Глава двадцать первая
Да, это была самая настоящая соль. К тому же крупными кристаллами очень напоминающая ту, что осталась на месте пожара. Ничего другого Пирогов увидеть не успел. В долине стемнело быстро и так плотно, что даже кончики пальцев вытянутой руки разглядеть нельзя было.
Он проводил Рощину, сам остался с чабанами, немного радуясь случаю не ходить, не просить пристанища в деревне. Ночь выдалась тихая, но беззвездная. Было похоже на приближение дождей, этих вечных раздражителей крестьян на уборке хлеба.

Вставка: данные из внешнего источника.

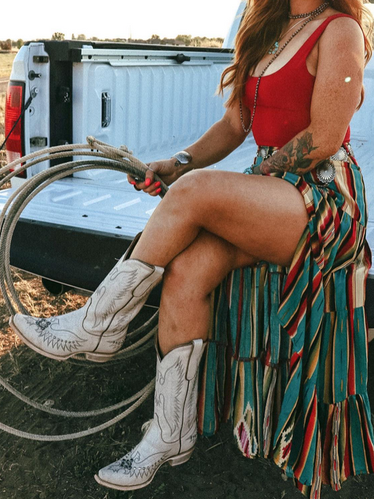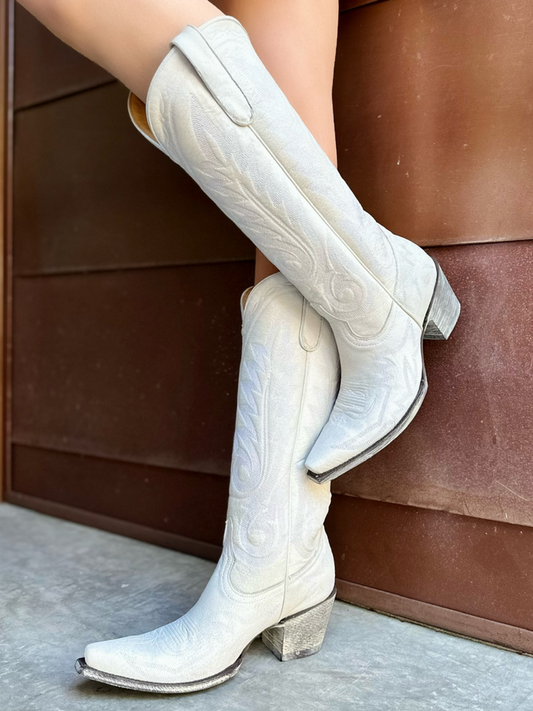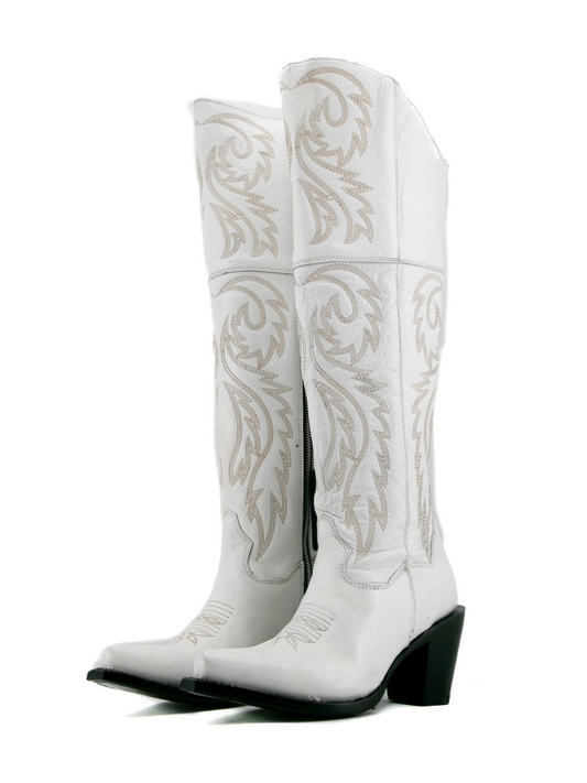 White Snip-Toe Classic Embroidery Wide Calf Cowgirl Knee High Boots
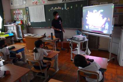 先生のタブレットからNHK for Schoolの動画を流して学習を進めていました。
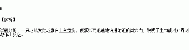 草原上,一只老鼠發(fā)覺(jué)老鷹在上空盤旋,便緊張而迅速地鉆進(jìn)附近的巢穴內(nèi)。老鼠的這種行為體現(xiàn)了生物( )
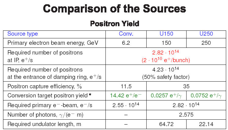 Nevertheless both undulator set-ups leads to the same positron yield which is a factor 3 higher compared with the yield of the conventional source, confirming the recommendation from Snowmass'05. Further details are given in this contribution to EPAC'06. |
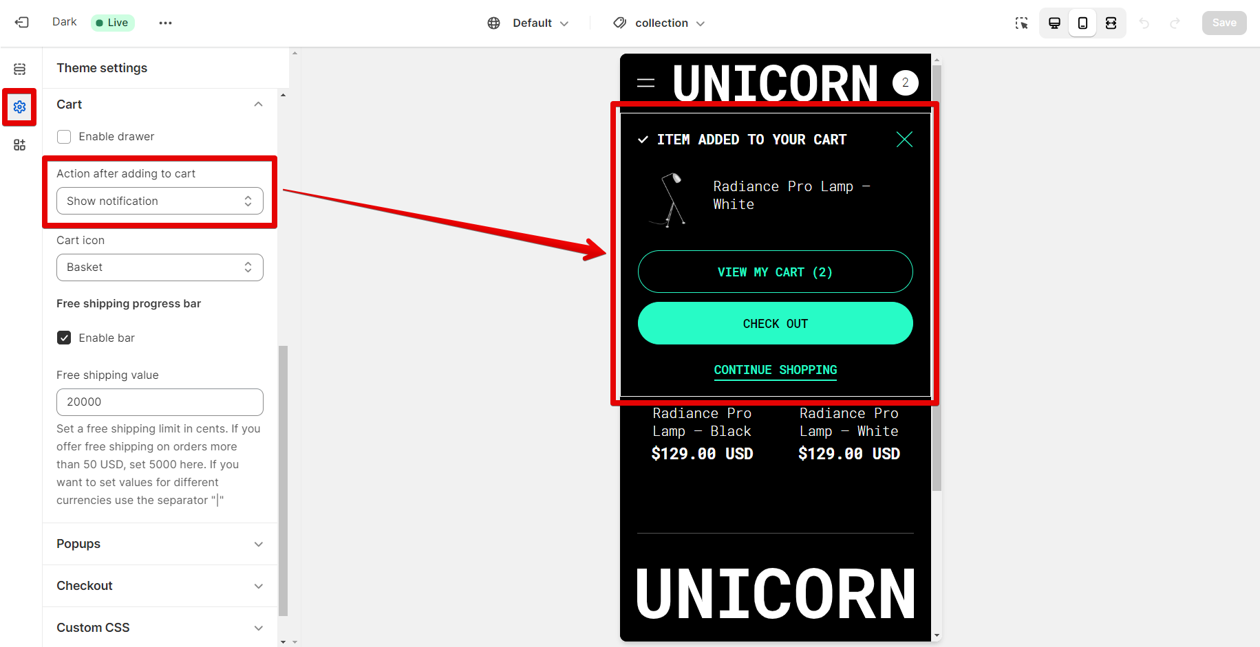 **Note!** To use the option, add the "[<mark style="color:blue;">Cart drawer</mark>](https://mpithemes.gitbook.io/unicorn-shopify-theme/section-groups/cart-drawer)" section and apply the settings provided within the section.

Чабанов было трое. Двое пожилых — под шестьдесят, третьему — около пятидесяти. Четвертым находился с ними неотлучно тот самый мальчишка — Витька, уже, как оказалось, полусирота, безотцовщина.
— Осенью под Москвой батя лежать остался, — пояснил безбородый гладкощекий старик, которого Витька называл дедом. Тесть отца, видать. — Сказывают, до немца не дошел. С самолета его…
В голосе горечь: ведь не дошел, не дотянул до немца, вот в чем главная печаль. А дошел бы, все по-другому обернулось бы.
— И то — не привелось страхом маяться, — сказал второй старик, разгребая рукой бороду и усы, будто ища, где там рот затерялся. — А то воевал бы год, второй, а конец один ему назначен.
— Чо мелешь-то? — перебил первый. — Наз-начен…
— Судьба у него такая. Без греха принят.
Над костром в литом круглом котле баранья похлебка кипела. Пирогов слушал перебранку, тихонько сглатывал слюни. Нестерпимо хотелось есть.